Universal Approximation Theorem
Deep learning is the most universal data processing device humans can imagine.
The theoretical basis of deep learning is the universal approximation theorem, and today we will learn about it in detail.
There are several conditions for the depth and width of artificial neural networks, here we will look at limited depth and single hidden layer.
Universal Approximation Theorem: Let $C(\mathbf{X},\mathbb{R}^m)$ denote the set of continuous functions from a subset $\mathbf{X}$ of a Euclidiean $\mathbb{R}^n$ space to a Euclidean space $\mathbb{R}^m$. Let $\sigma \in C(\mathbb{R},\mathbb{R})$. Note that $(\sigma \circ x)_i = \sigma (x_i)$, so $\sigma \circ x$ denotes $\sigma$ applied to each component of $x$.
Then $\sigma$ is not polynomial if and only is for every $n \in \mathbb{N}$, $m \in \mathbb{N}$, compact $\mathbf{K} \subseteq \mathbb{R}^n$, $f \in C(\mathbf{K}, \mathbb{R}^m)$, $\epsilon > 0$ there exists $k \in \mathbb{N}$, $A \in \mathbb{R}^{k\times n}$, $b \in \mathbb{R}^k$, $C \in \mathbb{R}^{m \times k}$ such that $\sup_{x \in \mathbf{K}} \lVert f(x) - g(x)\rVert < \epsilon$ where $g(x) = C \cdot (\sigma \circ (A \cdot x + b))$
Proof: When prove case $m=1$, higher dimension is obiouse because uniform convergence in $\mathbb{R}^n$ is same as uniform convergence in each coordinate.
Let $F_\sigma$ be the set of all one-hidden-layer neural networks constructed with $\sigma$. Let $C_0(\mathbb{R}^d,\mathbb{R})$ be the set of all $C(\mathbb{R}^d,\mathbb{R})$ with compact support.
If the function is a polynomial of degree $d$, then $R_\sigma$ is contained in the closed subspace of all polynomials of degree $d$, so tis closure is also contained in it, which is not all of $C_0(\mathbb{R}^d,\mathbb{R})$.
Otherwise, we show that $F_\sigma$'s closure if all of $C_0(\mathbb{R}^d,\mathbb{R})$. Suppose we can construct arbitrarily good approximations of the ramp function $r(x)=\begin{cases} -1 & \mbox{if } x < -1 \\ x & \mbox{if } \left\vert x \right\vert \le 1 \\ 1 & \mbox{if } x > 1 \end{cases}$ then is can be combined to construct arbitrary compactly-supported continuous function to arbitrary precision.
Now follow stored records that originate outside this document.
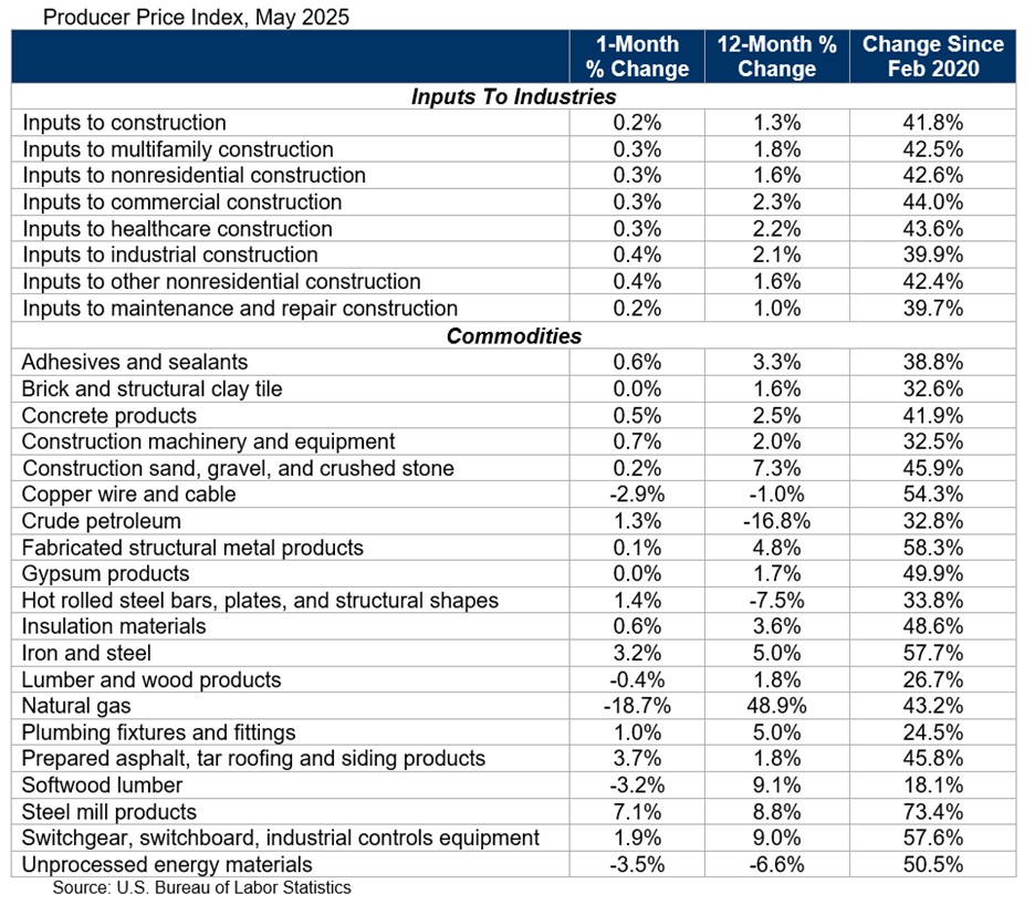- Input prices are now 1.3% higher than a year ago overall, and 1.6% higher for nonresidential construction, with tariff-related price increases largely offsetting declines in energy costs. On an annualized basis, however, costs climbed 6% through May.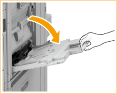 Retire los Accesorios del alimentador A4 y póngalos en el espacio de almacenamiento correspondiente. Al volver a cargar papel de la serie A/B, recuerde colocar los Accesorios del alimentador A4 en posición de servicio.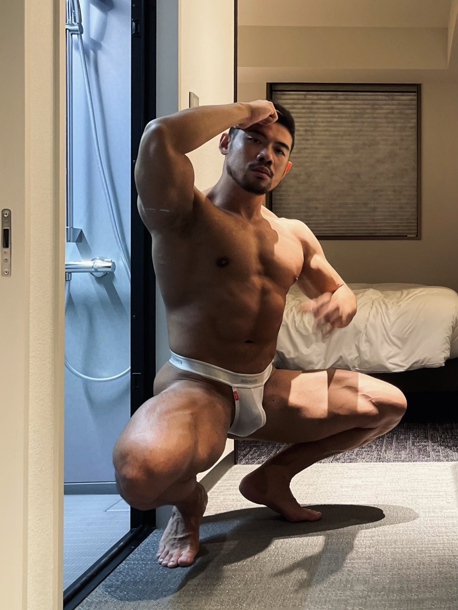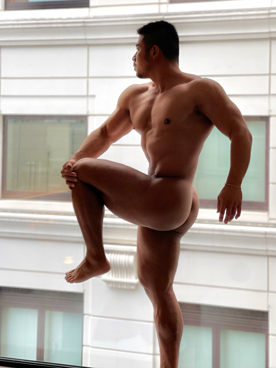 なにげに辛い全裸ポーズ。よく見たらめっちゃ汗だくに💦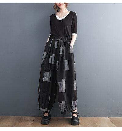 「ファットガール」 夏 九分丈 ワイドパンツ ゴム 体型カバー 大きいサイズ ゆったり レディース

It remains to approximate the ramp function.
Activation function $\sigma$ can approximate ramp function. For example, ReLU can do it like $r(x)=\sigma(x) - \sigma(1-x)$.
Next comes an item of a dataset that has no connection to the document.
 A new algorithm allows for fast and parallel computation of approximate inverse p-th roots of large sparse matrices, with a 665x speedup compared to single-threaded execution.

Ramp function can make bump function, $r(\frac{x-a}{b-a})-r(\frac{d-x}{d-c})$.
This approximate dirac delta function, so it can also approximate any kind of function.
(We can manipulate function locally!!)
Reference
Approximation by Superpositions of a Sigmoidal Function (1989), by G. Cybenko
Multilayer feedforward networks are universal approximators (1989), by Kurt Hornik
Wikipidia - Universal approximation theorem
Stack Exchange - Where can I find the proof of the universal approximation theorem?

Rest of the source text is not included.